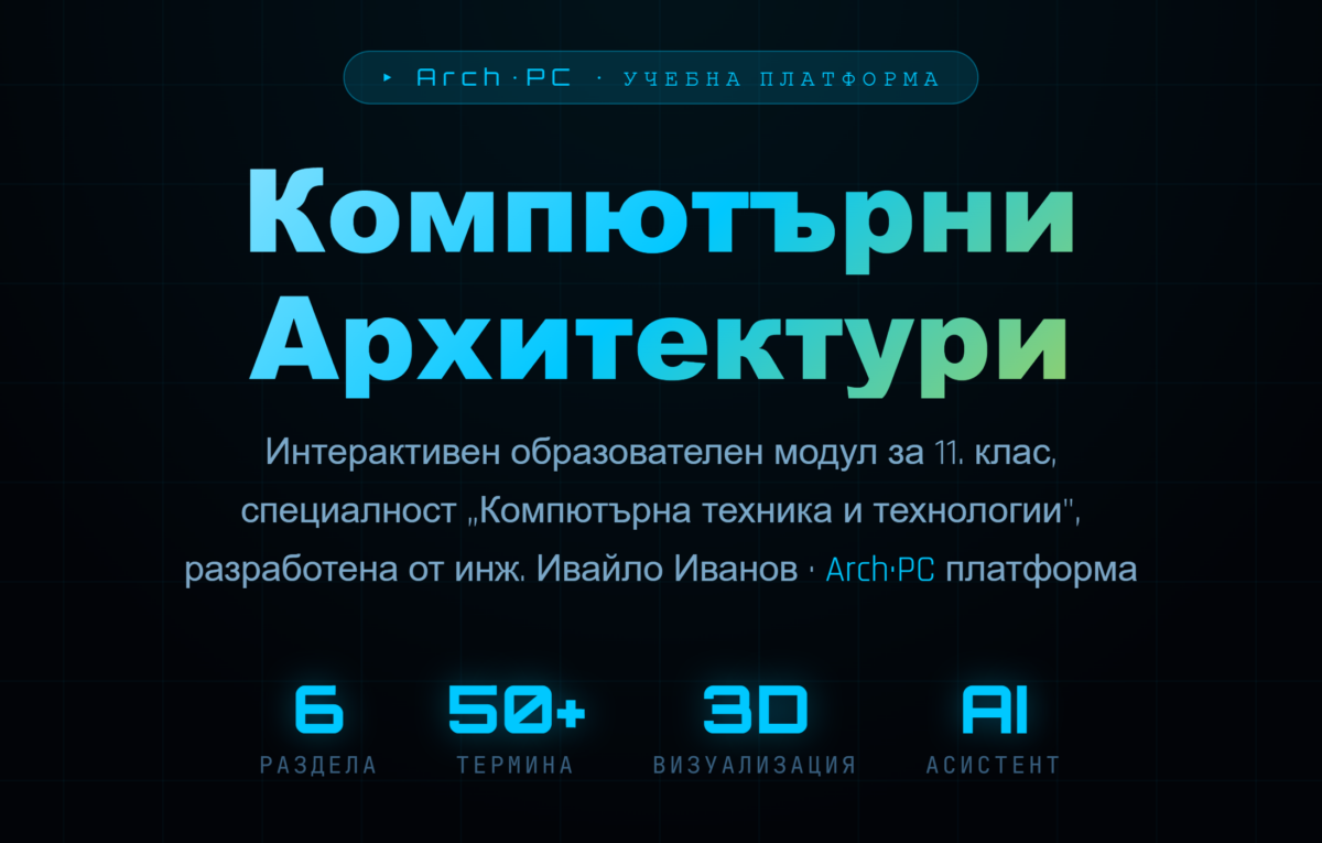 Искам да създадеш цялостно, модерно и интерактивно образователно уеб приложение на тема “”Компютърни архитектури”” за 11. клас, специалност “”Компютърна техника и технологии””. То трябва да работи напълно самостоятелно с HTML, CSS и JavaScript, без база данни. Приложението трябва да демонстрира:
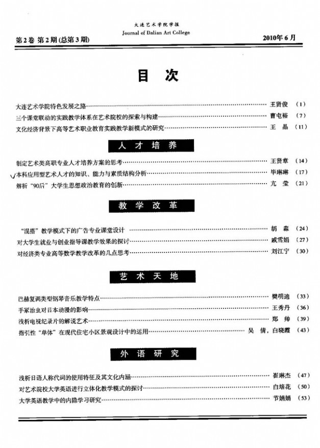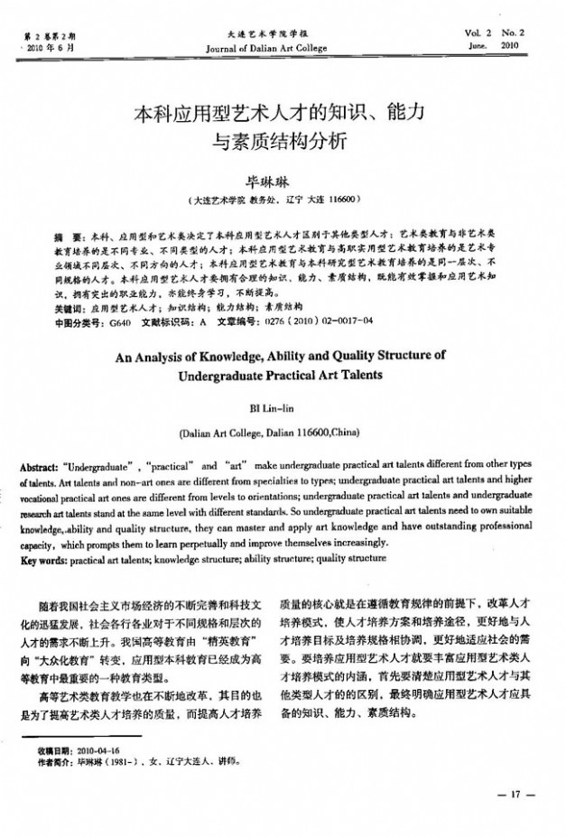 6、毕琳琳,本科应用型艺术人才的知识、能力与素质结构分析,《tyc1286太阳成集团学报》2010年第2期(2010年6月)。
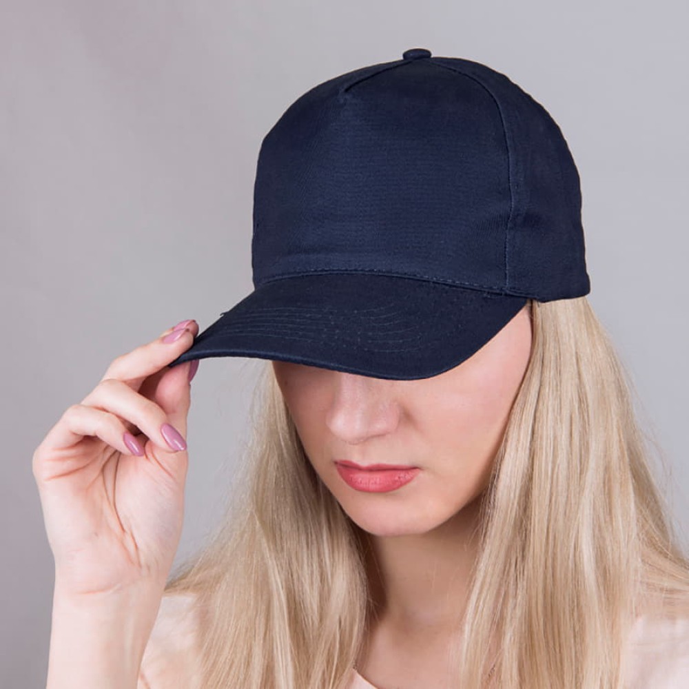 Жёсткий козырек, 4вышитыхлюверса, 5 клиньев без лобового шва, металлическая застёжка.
------------------------
Work instructions: It would help to have the listing above repeated exactly, with all images removed.

Answer box:
 Искам да създадеш цялостно, модерно и интерактивно образователно уеб приложение на тема “”Компютърни архитектури”” за 11. клас, специалност “”Компютърна техника и технологии””. То трябва да работи напълно самостоятелно с HTML, CSS и JavaScript, без база данни. Приложението трябва да демонстрира:
 6、毕琳琳,本科应用型艺术人才的知识、能力与素质结构分析,《tyc1286太阳成集团学报》2010年第2期(2010年6月)。
 Жёсткий козырек, 4вышитыхлюверса, 5 клиньев без лобового шва, металлическая застёжка.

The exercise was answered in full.